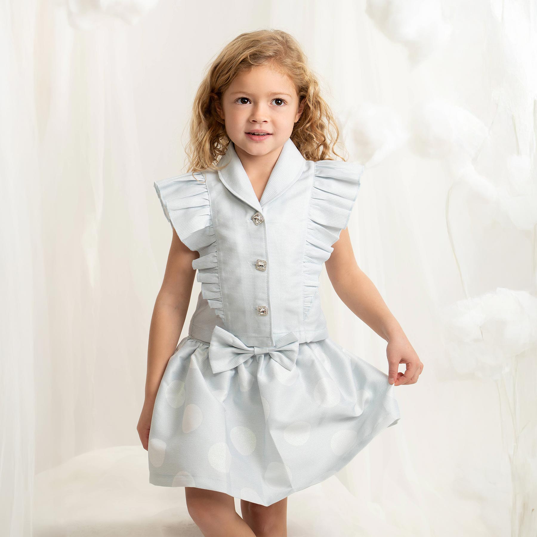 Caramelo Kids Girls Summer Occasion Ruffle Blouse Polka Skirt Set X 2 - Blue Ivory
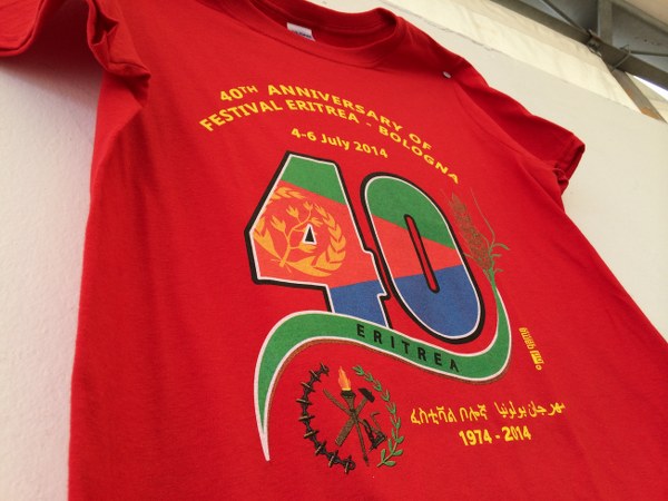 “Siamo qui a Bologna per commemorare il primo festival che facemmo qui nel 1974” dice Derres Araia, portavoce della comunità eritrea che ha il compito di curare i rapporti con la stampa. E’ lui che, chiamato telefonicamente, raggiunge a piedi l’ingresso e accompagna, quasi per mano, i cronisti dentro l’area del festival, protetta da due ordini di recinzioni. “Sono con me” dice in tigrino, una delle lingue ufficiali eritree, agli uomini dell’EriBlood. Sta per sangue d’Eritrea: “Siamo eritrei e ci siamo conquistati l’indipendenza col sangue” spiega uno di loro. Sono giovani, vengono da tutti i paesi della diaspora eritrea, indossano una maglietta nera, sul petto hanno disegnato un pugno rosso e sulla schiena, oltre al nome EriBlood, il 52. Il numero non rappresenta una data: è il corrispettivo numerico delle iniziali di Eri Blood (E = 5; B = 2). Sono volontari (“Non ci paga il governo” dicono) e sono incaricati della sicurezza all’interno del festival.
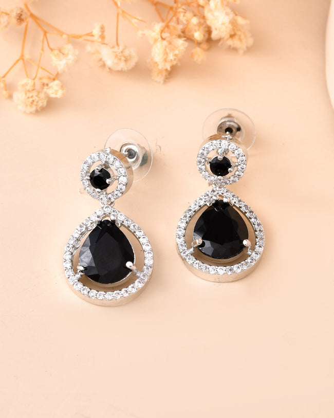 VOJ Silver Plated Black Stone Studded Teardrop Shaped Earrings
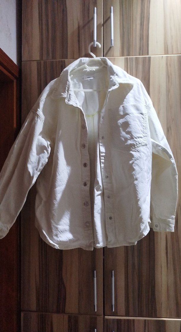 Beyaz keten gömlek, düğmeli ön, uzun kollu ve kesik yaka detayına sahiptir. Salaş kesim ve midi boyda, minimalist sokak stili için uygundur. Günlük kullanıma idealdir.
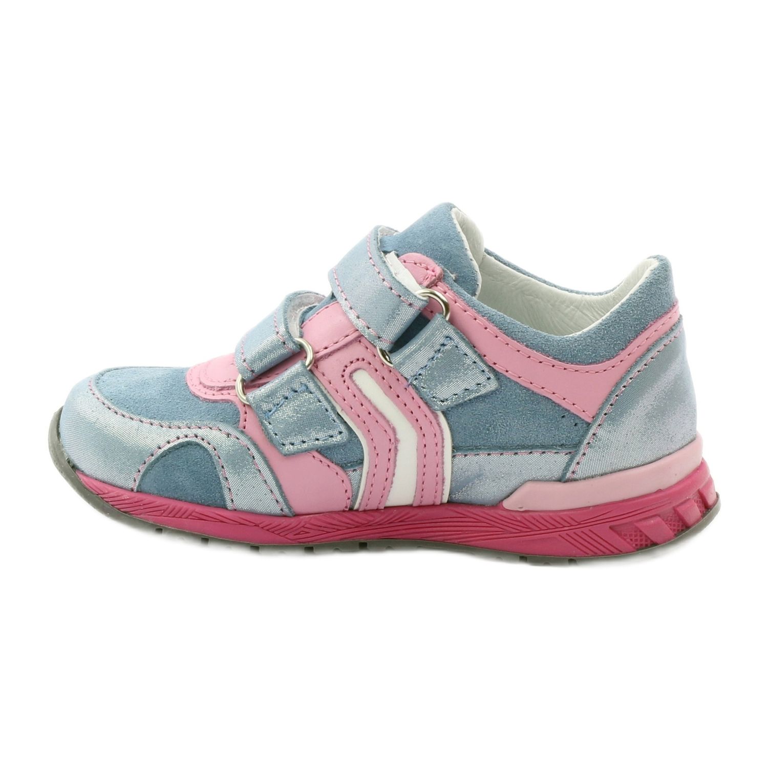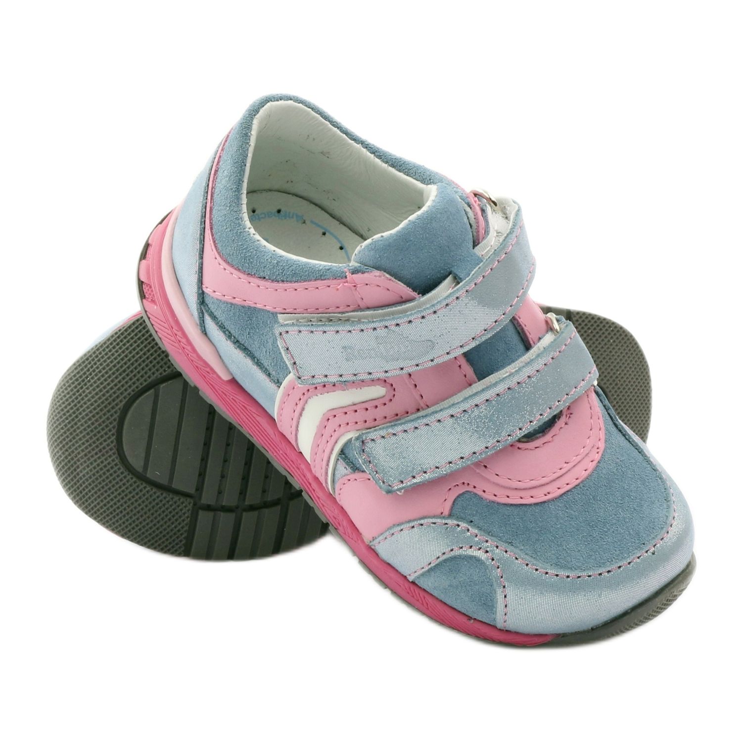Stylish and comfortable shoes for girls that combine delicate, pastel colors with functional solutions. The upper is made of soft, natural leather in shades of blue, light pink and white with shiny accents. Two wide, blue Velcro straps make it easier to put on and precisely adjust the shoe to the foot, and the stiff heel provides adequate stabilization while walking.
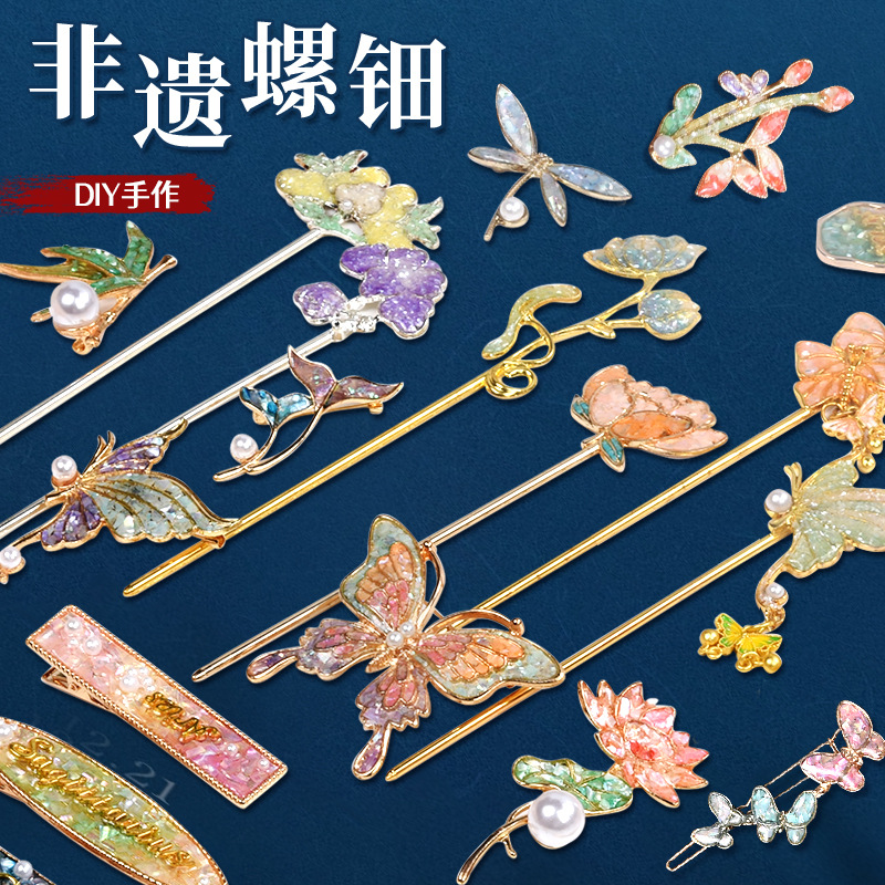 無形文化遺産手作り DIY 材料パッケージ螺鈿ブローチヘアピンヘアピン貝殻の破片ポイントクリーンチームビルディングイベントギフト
++++
If an entry contains a picture, leave it out and repeat the rest exactly.

 Caramelo Kids Girls Summer Occasion Ruffle Blouse Polka Skirt Set X 2 - Blue Ivory
 “Siamo qui a Bologna per commemorare il primo festival che facemmo qui nel 1974” dice Derres Araia, portavoce della comunità eritrea che ha il compito di curare i rapporti con la stampa. E’ lui che, chiamato telefonicamente, raggiunge a piedi l’ingresso e accompagna, quasi per mano, i cronisti dentro l’area del festival, protetta da due ordini di recinzioni. “Sono con me” dice in tigrino, una delle lingue ufficiali eritree, agli uomini dell’EriBlood. Sta per sangue d’Eritrea: “Siamo eritrei e ci siamo conquistati l’indipendenza col sangue” spiega uno di loro. Sono giovani, vengono da tutti i paesi della diaspora eritrea, indossano una maglietta nera, sul petto hanno disegnato un pugno rosso e sulla schiena, oltre al nome EriBlood, il 52. Il numero non rappresenta una data: è il corrispettivo numerico delle iniziali di Eri Blood (E = 5; B = 2). Sono volontari (“Non ci paga il governo” dicono) e sono incaricati della sicurezza all’interno del festival.
 VOJ Silver Plated Black Stone Studded Teardrop Shaped Earrings
 Beyaz keten gömlek, düğmeli ön, uzun kollu ve kesik yaka detayına sahiptir. Salaş kesim ve midi boyda, minimalist sokak stili için uygundur. Günlük kullanıma idealdir.
Stylish and comfortable shoes for girls that combine delicate, pastel colors with functional solutions. The upper is made of soft, natural leather in shades of blue, light pink and white with shiny accents. Two wide, blue Velcro straps make it easier to put on and precisely adjust the shoe to the foot, and the stiff heel provides adequate stabilization while walking.
 無形文化遺産手作り DIY 材料パッケージ螺鈿ブローチヘアピンヘアピン貝殻の破片ポイントクリーンチームビルディングイベントギフト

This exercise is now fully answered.